Childbirth is something I’d been dreading and anticipating since Mr. W and I decided years ago that we did eventually want to breed. It’s another experience you don’t understand until you live through it. I knew that, which is half the reason it was so scary. And as it got closer and closer, I told everyone “It’s like waiting for a bad car accident knowing that if you survive it, it will be Christmas morning.”

Maybe one day I will write my birth story, but not here and not now. But I will say this: that’s pretty much how it was, a bad car accident with a Christmas-morning-as-a-young-child level reward. It could have been a lot worse than it was, that’s for sure. I didn’t have a 37 hour labor like I’ve heard about. I didn’t have a C-section. I waited until late in the game to get an epidural, but I didn’t wait TOO late like some poor, poor women do.

God bless the women who consider labor and childbirth a “spiritual experience,” who do hypnobirthing and birth in the water singing Kum Ba Yah and don’t take so much as an ibuprofen. Really, power to them. I am not one of those women. It was awful, painful, ridiculous, humbling and stupid and I’m incredibly glad Mr. W and I decided long ago we only wanted one. I have yet to feel the “amnesia” women get that makes them forget their labors and have more babies. Screw. That.

I was prepared to be unprepared for labor. I also prepared myself not to feel that instant love and connection to the baby like I’ve heard you’re “supposed” to feel, just in case. Sometimes it takes awhile to kick in, so I didn’t put any expectations on myself in that department. No need to make myself feel like a failure as a mother the minute I stopped pushing.

Maybe that’s why I was so unprepared for what DID happen the moment my precious daughter finally emerged from me, which was a fierce and crazy love so powerful it felt like a completely different kind of contraction. They placed that tiny little body on my chest, and I wrapped my arms around her and stared at the little baby that had been kicking me and making me crave mac and cheese for months. She stared right back at me with her piercing blue eyes….not crying, not squirming, just staring at me. It was like we both were saying “Oh, there you are.”

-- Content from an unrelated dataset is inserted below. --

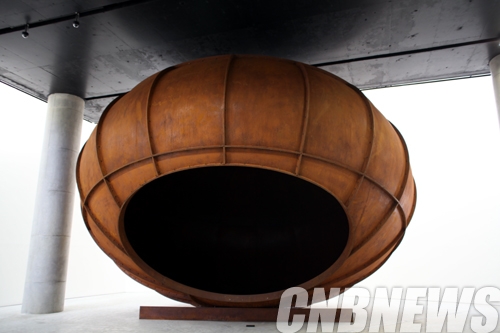 그라운드 갤러리에는 그의 초기 작업인 거대한 코텐 스틸 작품 '동굴'이 관람객을 압도한다. 지름 8미터, 무게 15톤의 거대한 타원형 작품이지만 불안정한 상태로 설치되어 어둠과 불안감을 동시에 안겨 준다. 이곳에 카푸어의 안료 작업의 대표작인 '붉은 색의 은밀한 부분을 반영하기'라는 작품이 조화를 이뤄 전시장의 긴장감을 완화시키고 있다. 또한 세 개의 벽면에 설치된 '무제'는 보이드 작업이 형식적 개념적으로 절정에 있던 시기의 작품으로, 안팎을 뒤덮은 검푸른 분말안료가 빛을 흡수해버리고 어둠의 심연을 만들어 낸다. 이 공간에서 놓치지 않고 봐야할 작품은 건물의 벽면을 이용한 '내가 임신했을 때'로 흰 벽면에서 아롱거리던 미지의 환영이나 신기루처럼 보여 세심한 주의를 하지 않으면 형체를 알아 볼 수 없을 정도의 묘한 느낌을 부여하고 있다. 색깔을 중심으로 펼쳐진 카푸어의 작품을 오랜 시간 바라보다, 확 트인 야외 정원에 놓여 있는 '큰 나무와 눈' 작업은 스테인리스 스틸 작품으로 릴케의 시집 '오르페우스에게 바치는 소네트'에서 영감을 받은 작품으로 알려져 있다. 죽은 아내를 되찾기 위해 땅 밑 죽음의 세계로 들어갔던 오르페우스의 신화를 소재로 한 릴케의 시에는 삶과 죽음, 이승과 저승, 현실과 신화 등 대립적인 영역을 넘나드는 시인의 상상력과 이미지로 가득하다. 아니쉬 카푸어의 예술은 동서양의 문화의 만남으로 해석되곤 한다. 하지만 그의 작업은 단순히 이질적인 두 문화의 만남을 넘어, 보다 보편적이고 신비로운 우주적인 세계를 지향하며, 그것은 곧 인간과 자연 본연의 진리에 다가가는 것을 의미한다 왕진오 기자
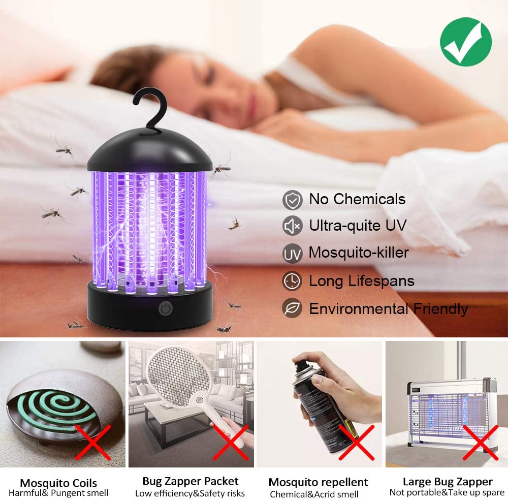 【Widely Used Occasions】This 2-in-1 electric mosquito killer lamp is suitable for many places, This Electric indoor Bug Zapper can be used in living room, bedroom and kitchen. There won’t be any noise, the portable files killer lamp will take you a good sleep. It’s also a good choice to use it in the yard. The portable outdoor mosquito killer trap also great to go out for fishing and camping.

Then she looked up at her daddy, reached out and grabbed his finger with her hand, bringing him into the moment. And I was so overcome with emotions more intense than anything I’d ever felt before. My heart exploded. Everyone was right. You just don’t understand until you’re there. And that’s OK. It’s not necessary to understand it until you’re in the middle of it. It’s part of what makes it all worth it.

This week has been a whirlwind. I have been typing this post one-handed for several days. My midwife suggested a no visitors for 2-3 weeks policy while I heal and adjust and learn to feed a little person with parts of my body that were previously reserved for fun times and sexy Vegas dresses, so it’s pretty much been just the three of us aside from a few doctor appointments. Mr. W has been home and he has been so incredible, I may tie him up and forbid him from returning to work on Monday. In between feedings, which are as frequent as every hour (say what you want about breastfeeding, but it is NOT easy, kids), I take vitamins and eat and shower and occasionally nap and just hold my baby girl.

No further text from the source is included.